BEGIN
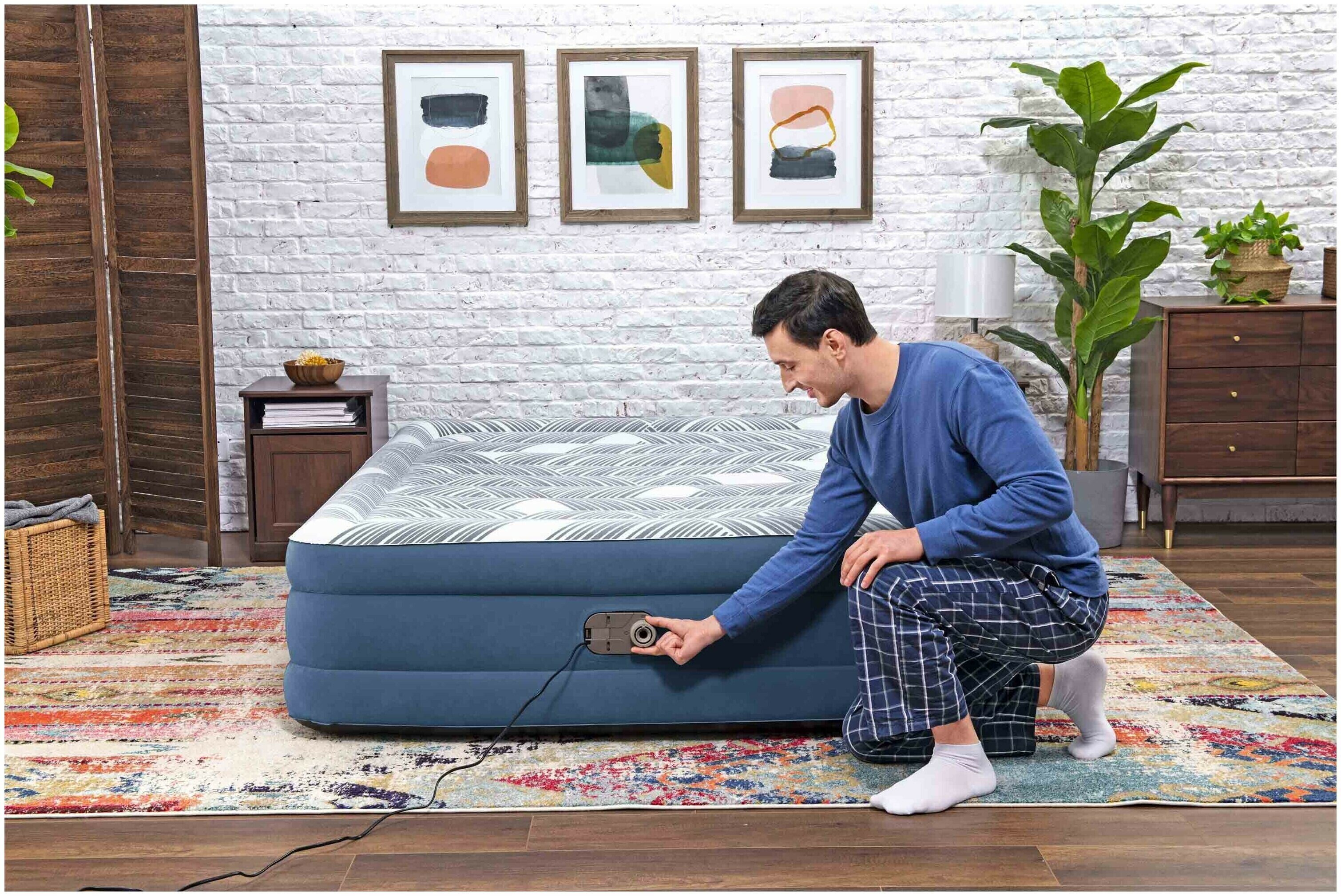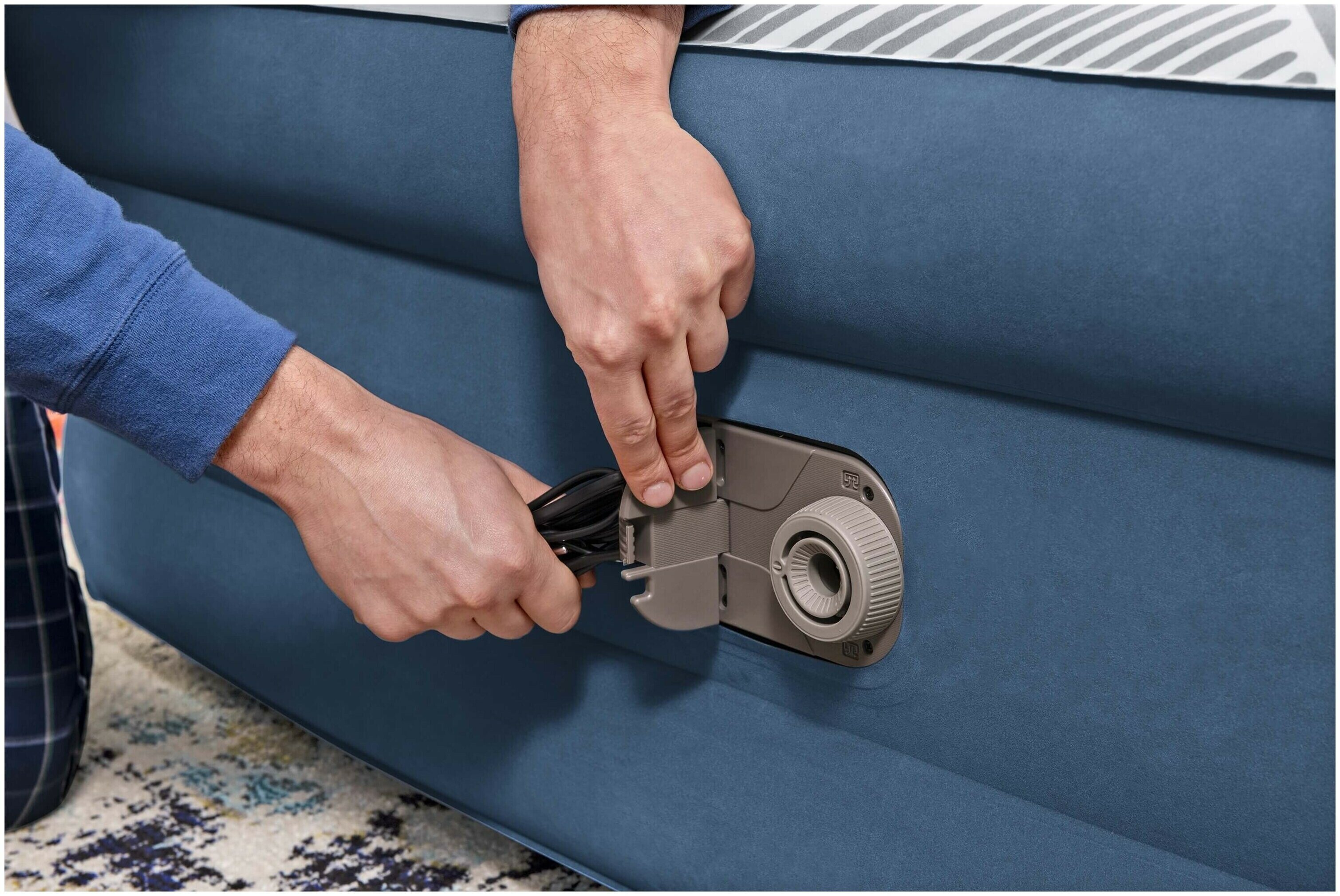 Надувная кровать Bestway Tritech Fashion Flock 6713C, 203х152 см, серый/синий
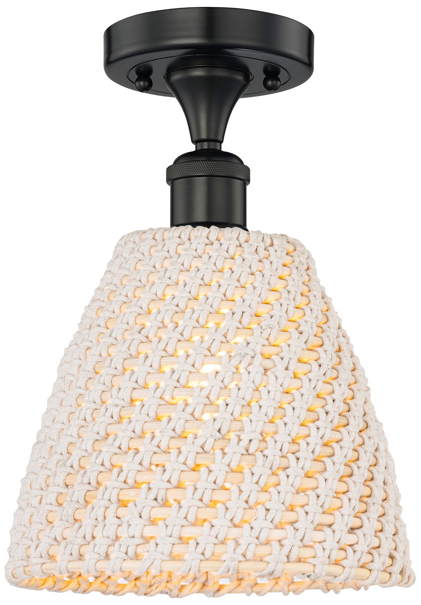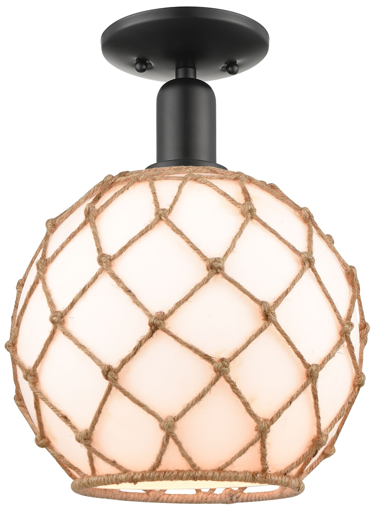 Arcadia Farmhouse Rope 8"W Black Semi.Flush Mount w/ White Brown Shade
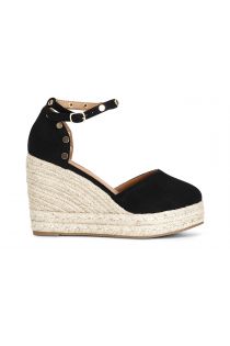 Sandali su zeppa in corda con cinturino alla caviglia in tessuto chiuso davanti e dietro con borchie dorate.
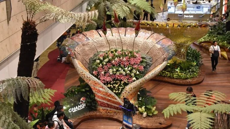 Masih di Terminal 2, ada Enchanted Garden. Ini adalah surga buat pecinta bunga. Taman ini interaktif, lho! Ada sensor gerak yang memicu suara alam dan lampu LED saat kamu berjalan melewati jalur bergelombangnya. Di tengahnya ada empat patung buket kaca raksasa yang berkilauan. Suasananya benar-benar seperti di negeri dongeng atau Shangri-La.
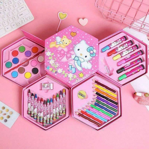 – Complete art set with pencils, crayons, water colours & sketch pens
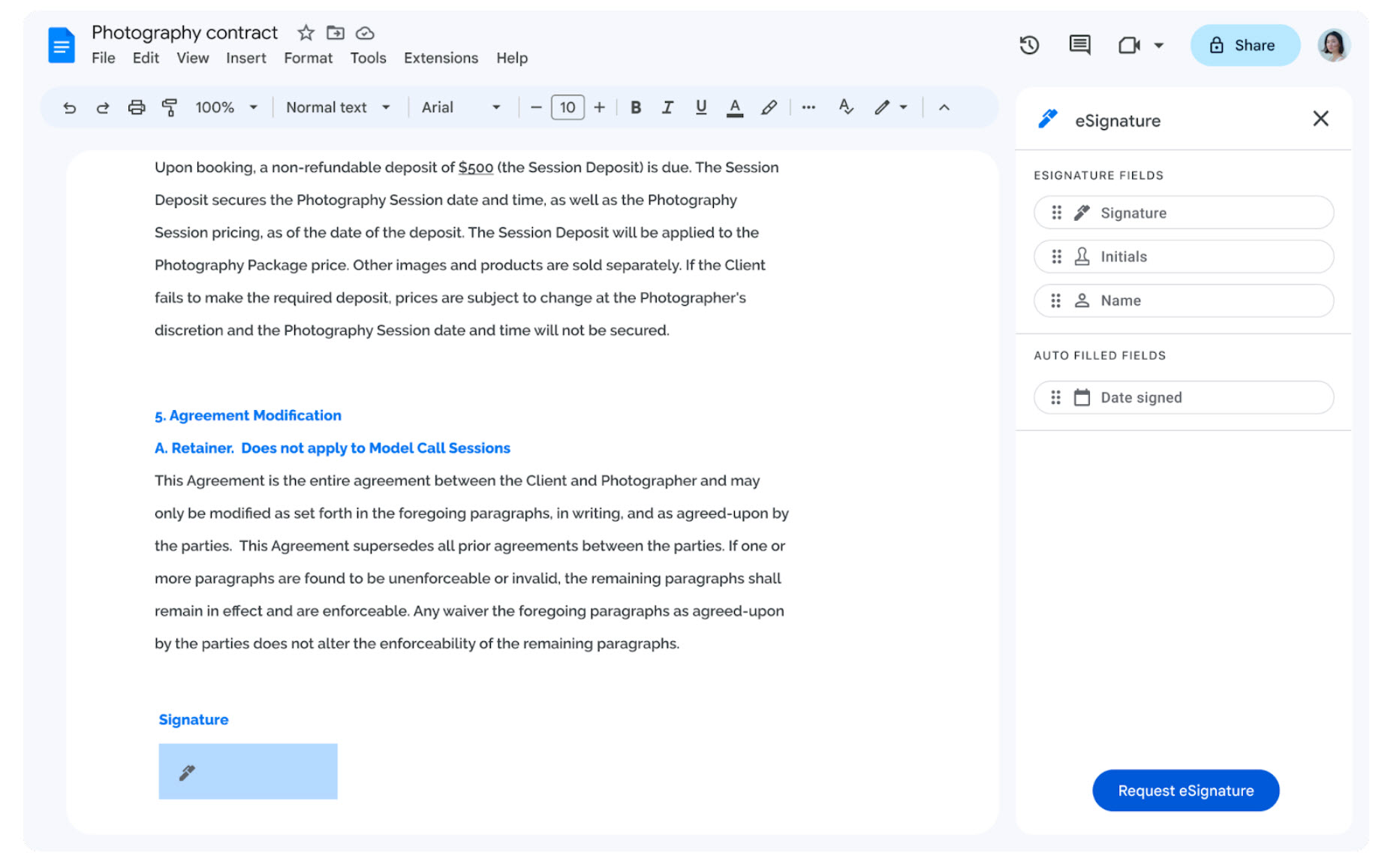 Az eSignature nyílt béta verzióként lesz elérhető a Google Workspace egyéni előfizetői számára, és nincs szükség külön regisztrációra a funkció használatához. Ezen kívül a Google Workspace néhány ügyfele számára is elérhető lesz. A szolgáltatás elősegíti az egyéni vállalkozók és kisvállalkozások számára, hogy hivatalos szerződésekbe illesszenek és kérelmezzenek aláírásokat közvetlenül a Google Docs-ban.
END
What to produce:
Images stay out; everything else in the records must be given again exactly.

The answer:
 Надувная кровать Bestway Tritech Fashion Flock 6713C, 203х152 см, серый/синий
 Arcadia Farmhouse Rope 8"W Black Semi.Flush Mount w/ White Brown Shade
 Sandali su zeppa in corda con cinturino alla caviglia in tessuto chiuso davanti e dietro con borchie dorate.
 Masih di Terminal 2, ada Enchanted Garden. Ini adalah surga buat pecinta bunga. Taman ini interaktif, lho! Ada sensor gerak yang memicu suara alam dan lampu LED saat kamu berjalan melewati jalur bergelombangnya. Di tengahnya ada empat patung buket kaca raksasa yang berkilauan. Suasananya benar-benar seperti di negeri dongeng atau Shangri-La.
 – Complete art set with pencils, crayons, water colours & sketch pens
 Az eSignature nyílt béta verzióként lesz elérhető a Google Workspace egyéni előfizetői számára, és nincs szükség külön regisztrációra a funkció használatához. Ezen kívül a Google Workspace néhány ügyfele számára is elérhető lesz. A szolgáltatás elősegíti az egyéni vállalkozók és kisvállalkozások számára, hogy hivatalos szerződésekbe illesszenek és kérelmezzenek aláírásokat közvetlenül a Google Docs-ban.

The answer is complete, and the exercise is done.